# Class 1 Group Exercise: Analyzing the Effects of Vitamin C on Tooth Growth

## Background
The `ToothGrowth` dataset contains results from an experiment studying the effect of vitamin C on tooth growth in guinea pigs. Each animal received one of three dose levels of vitamin C (0.5, 1, or 2 mg/day) by one of two delivery methods: orange juice (OJ) or ascorbic acid (VC).

## Your Task
Working in groups, perform a comprehensive statistical analysis to answer: **Does delivery method affect tooth growth, and what sample size would we need for a follow-up study?**

This exercise combines skills from:
- Data manipulation and visualization (GettingStarted)
- Hypothesis testing (HypothesisTesting)
- Correlation analysis (Correlation)
- Power analysis (PowerAnalysis)

## Part 1: Data Exploration (15 minutes)

1. Load the `ToothGrowth` dataset and examine its structure
2. Calculate summary statistics (mean, sd) for tooth length by supplement type AND dose
3. Create a boxplot showing tooth length by supplement type, faceted by dose
4. Create a scatter plot of dose vs length, colored by supplement type

In [None]:
library(ggplot2)
library(dplyr)

# Load data
data("ToothGrowth")
head(ToothGrowth)

# Your code here: Summary statistics by group


# Your code here: Boxplot


# Your code here: Scatter plot

## Part 2: Normality Assessment (10 minutes)

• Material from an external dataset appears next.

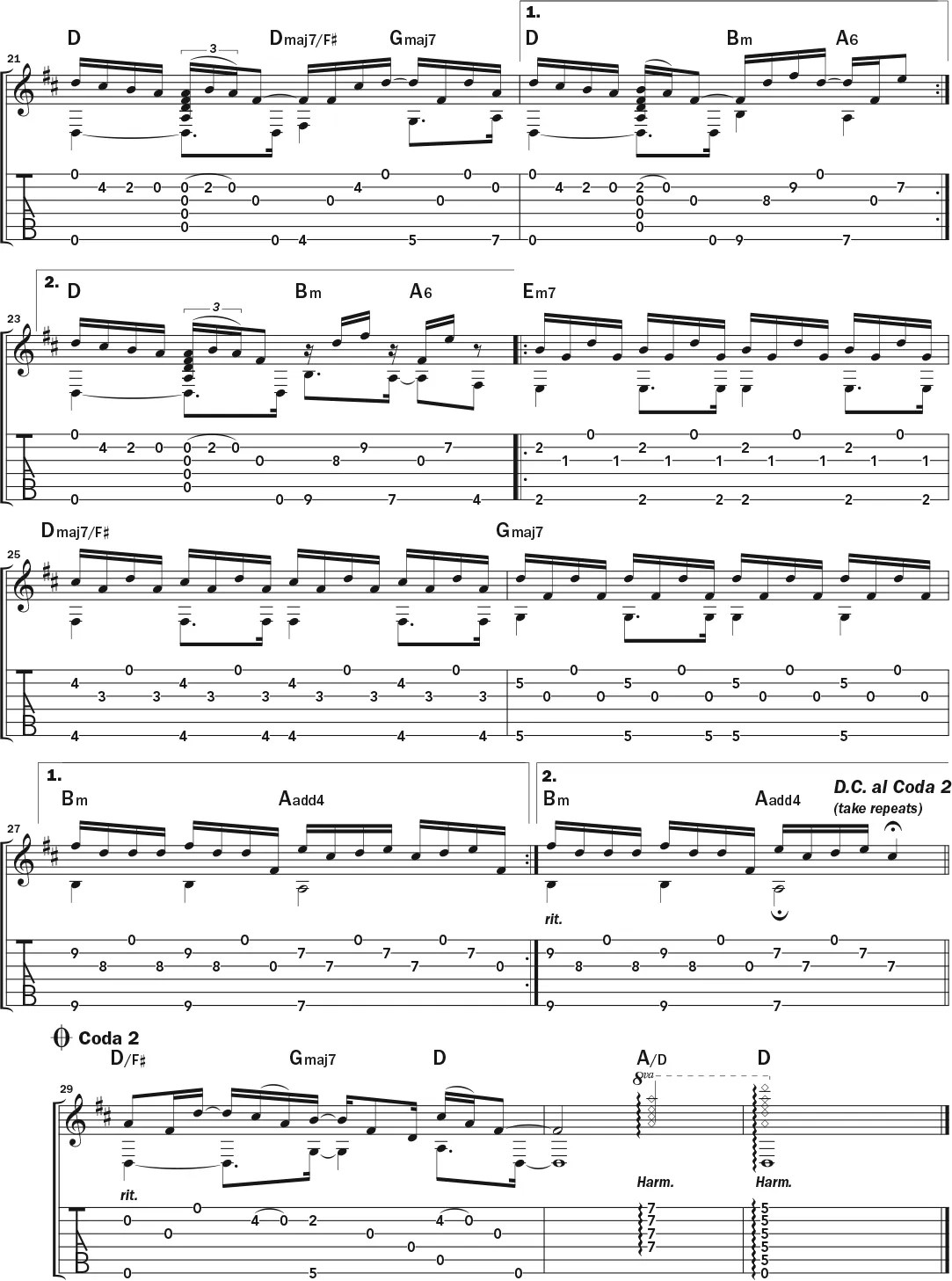 Williams says that the compositional process for “New Beginnings” was fairly simple. Tuning her guitar to open D, and placing a capo at the fourth fret, she sat down, started playing, and immediately happened upon the main theme (bars 1–2 of the notation here). “The other sections of the piece pretty much wrote themselves,” Williams says. “I believe this particular composition took me about a week to finish, which is a lot shorter than the usual amount of time I spend composing songs.”

Before performing t-tests, we need to check if our data is approximately normally distributed.

1. Create histograms of tooth length for each supplement type
2. Create Q-Q plots for each supplement type
3. Perform Shapiro-Wilk tests for normality on each group
4. Based on your findings, is it appropriate to use a t-test?

In [None]:
# Separate data by supplement type
oj_data <- ToothGrowth[ToothGrowth$supp == "OJ", "len"]
vc_data <- ToothGrowth[ToothGrowth$supp == "VC", "len"]

# Your code here: Histograms


# Your code here: Q-Q plots


# Your code here: Shapiro-Wilk tests


## Part 3: Hypothesis Testing (15 minutes)

Test whether there is a significant difference in tooth length between delivery methods.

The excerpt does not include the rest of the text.